Pero es que, además, la documentación posteriormente aportada por la actora evidencia que al demandado se le remitían, con la periodicidad establecida, los extractos correspondientes, como es, por otra parte, usual y conocido, así como que el contrato subyacente desplegó sus efectos en un período de tiempo lo suficientemente relevante como para que el demandado, si hubiera estado disconforme con las liquidaciones parciales efectuadas, hubiera llevado a cabo alguna reclamación, lo que tampoco consta; por otra parte, la mención en la hoja segunda (documental aportada por la demandante inicial en el acto del juicio) de otra persona, a la que igualmente se refiere el recurrente, resulta irrelevante, pues el examen de tal documentación revela que el apunte a que alude el recurrente está incluido por aparecer en la misma hoja que el referido a la demandada, que se refleja en la primera parte del folio -folio 85- por lo que tal circunstancia deviene intrascendente. Ello ha de llevar, en aplicación de lo anteriormente expuesto, a rechazar la oposición planteada, considerando, al igual que la Juzgadora "a quo" que los hechos en que se funda la demanda han quedado acreditados conforme exige el artículo 217 LEC , no pudiendo acogerse los motivos de oposición planteados, por lo que el recurso ha de ser rechazado en su totalidad.

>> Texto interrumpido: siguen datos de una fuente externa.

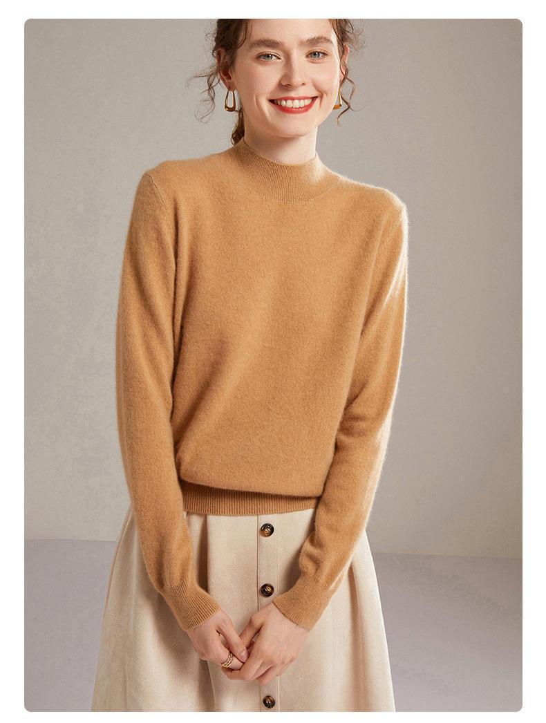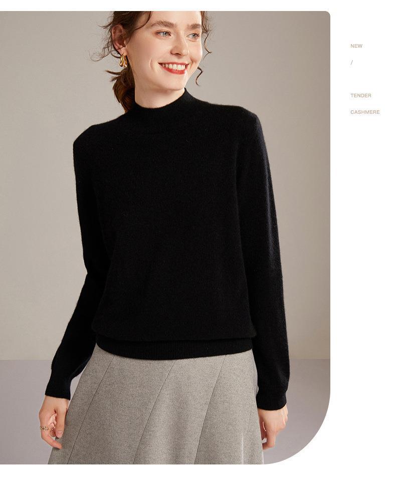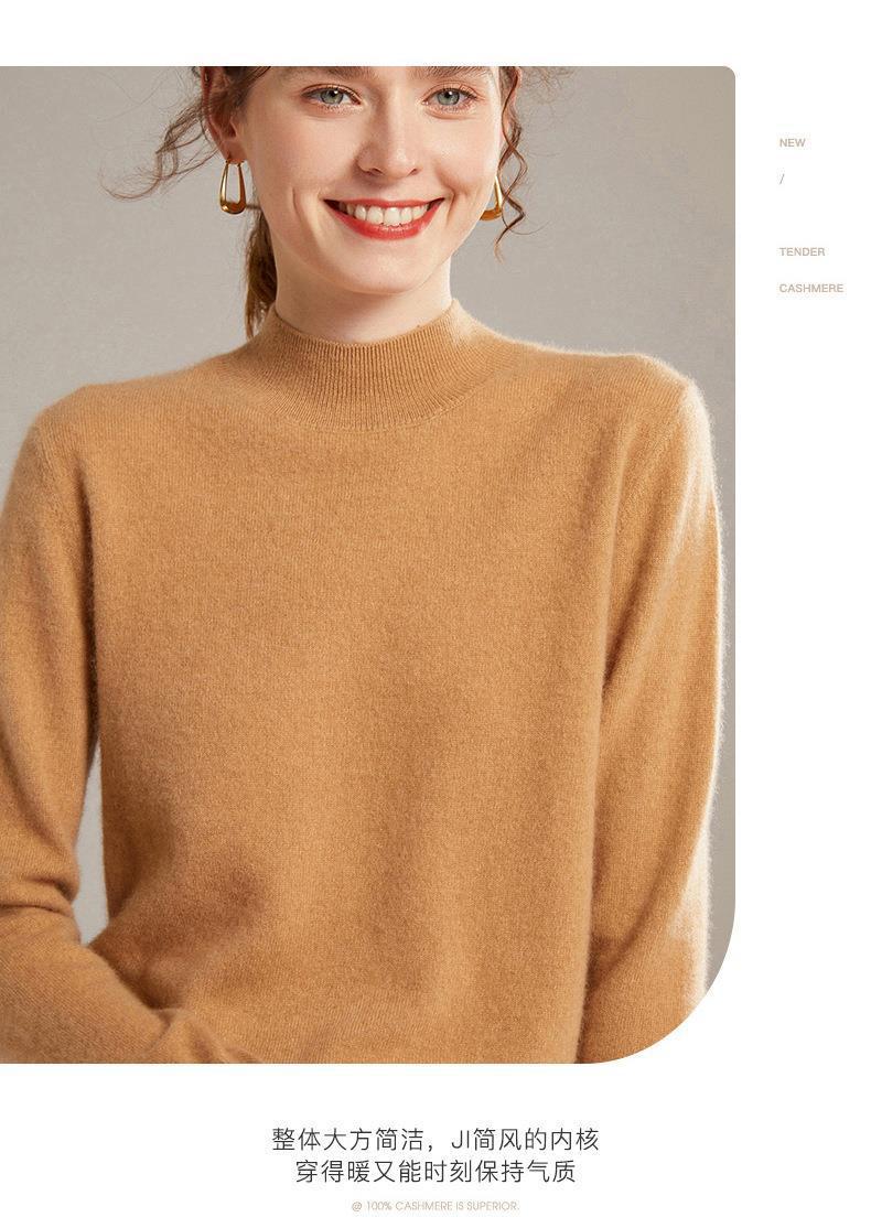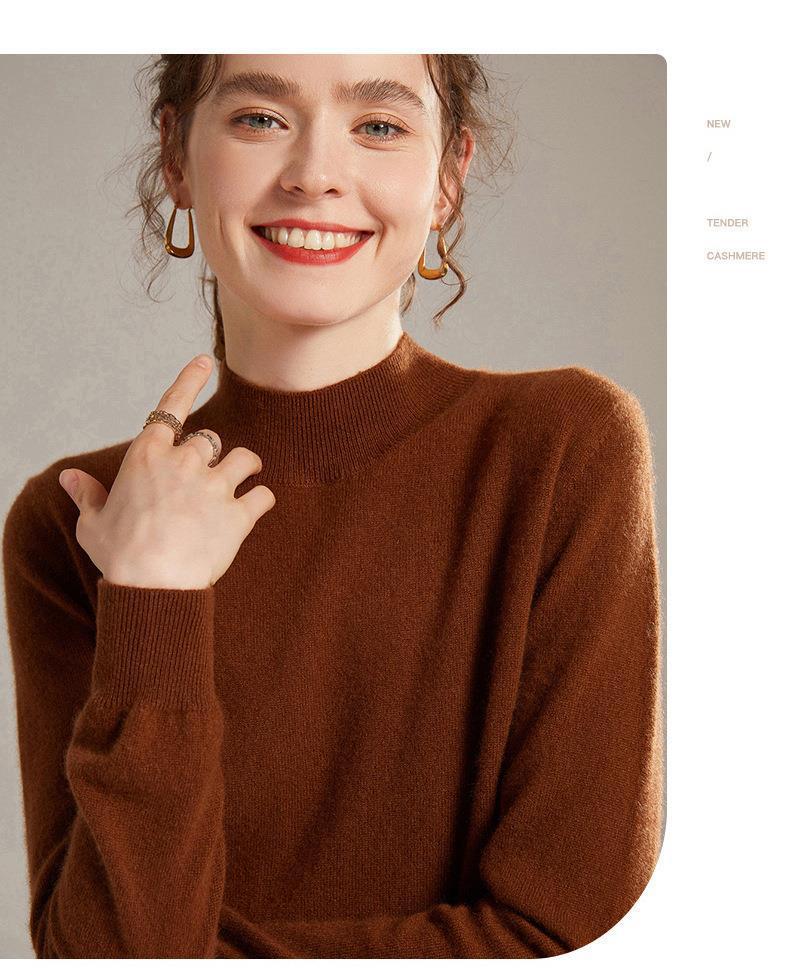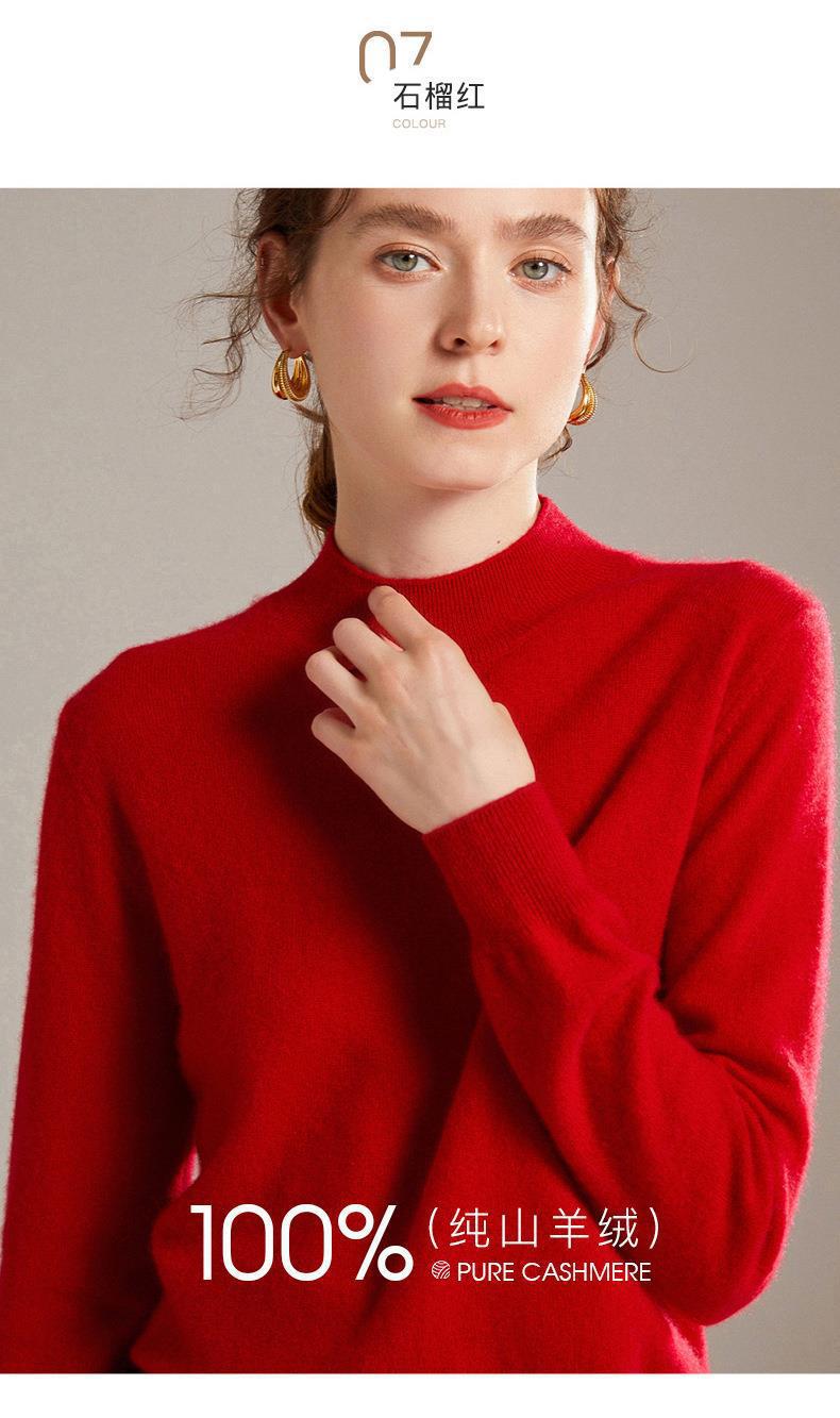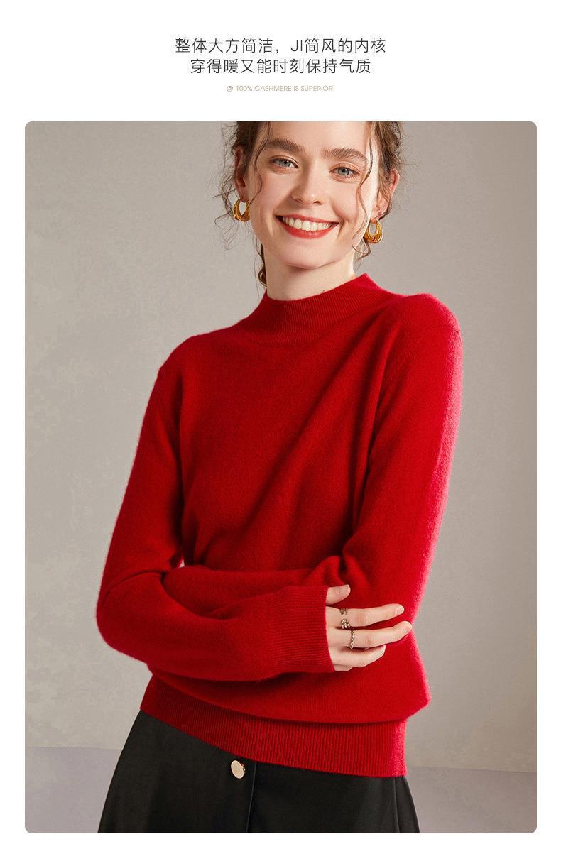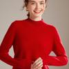Suéter rojo de cuello medio de cachemira para mujer, suéter de otoño e invierno, jersey corto holgado, camisa de punto

CUARTO.-Las costas de la alzada han de imponerse a la parte recurrente, por ser preceptivo, de conformidad con lo preceptuado en el artículo 398,1 LEC .
Vistos los preceptos legales citados y demás de general aplicación,
Fallo
SE DESESTIMA el recurso de apelación interpuesto por Dª Sonia contra la sentencia dictada el 30-9-09 por el Juzgado de Primera Instancia 2 de Mislata , en juicio verbal 640/08, que se CONFIRMA, con imposición de costas a la parte recurrente, sin que proceda pronunciamiento sobre depósito, no constituido, al litigar la recurrente con beneficio de justicia gratuita.
Notifíquese esta resolución a las partes y, de conformidad con lo establecido en el artículo 207.4 de la Ley de Enjuiciamiento Civil , una vez transcurridos los plazos previstos, en su caso, para recurrir sin haberse impugnado, quedará firme, sin ulterior declaración, procediéndose a devolver los autos originales, junto con certificación literal de esta misma resolución y el oportuno oficio al Juzgado de procedencia para constancia y ejecución, uniéndose certificación al Rollo.
Así por esta mi sentencia, de la que se unirá certificación al rollo, la pronuncio, mando y firmo.
PUBLICACION.-Que la anterior sentencia ha sido leída y publicada por el Ilmo. Sr. Magistrado que la dictó, estando celebrando audiencia pública la Sección Novena de la Audiencia Provincial en el día de la fecha. Doy fe.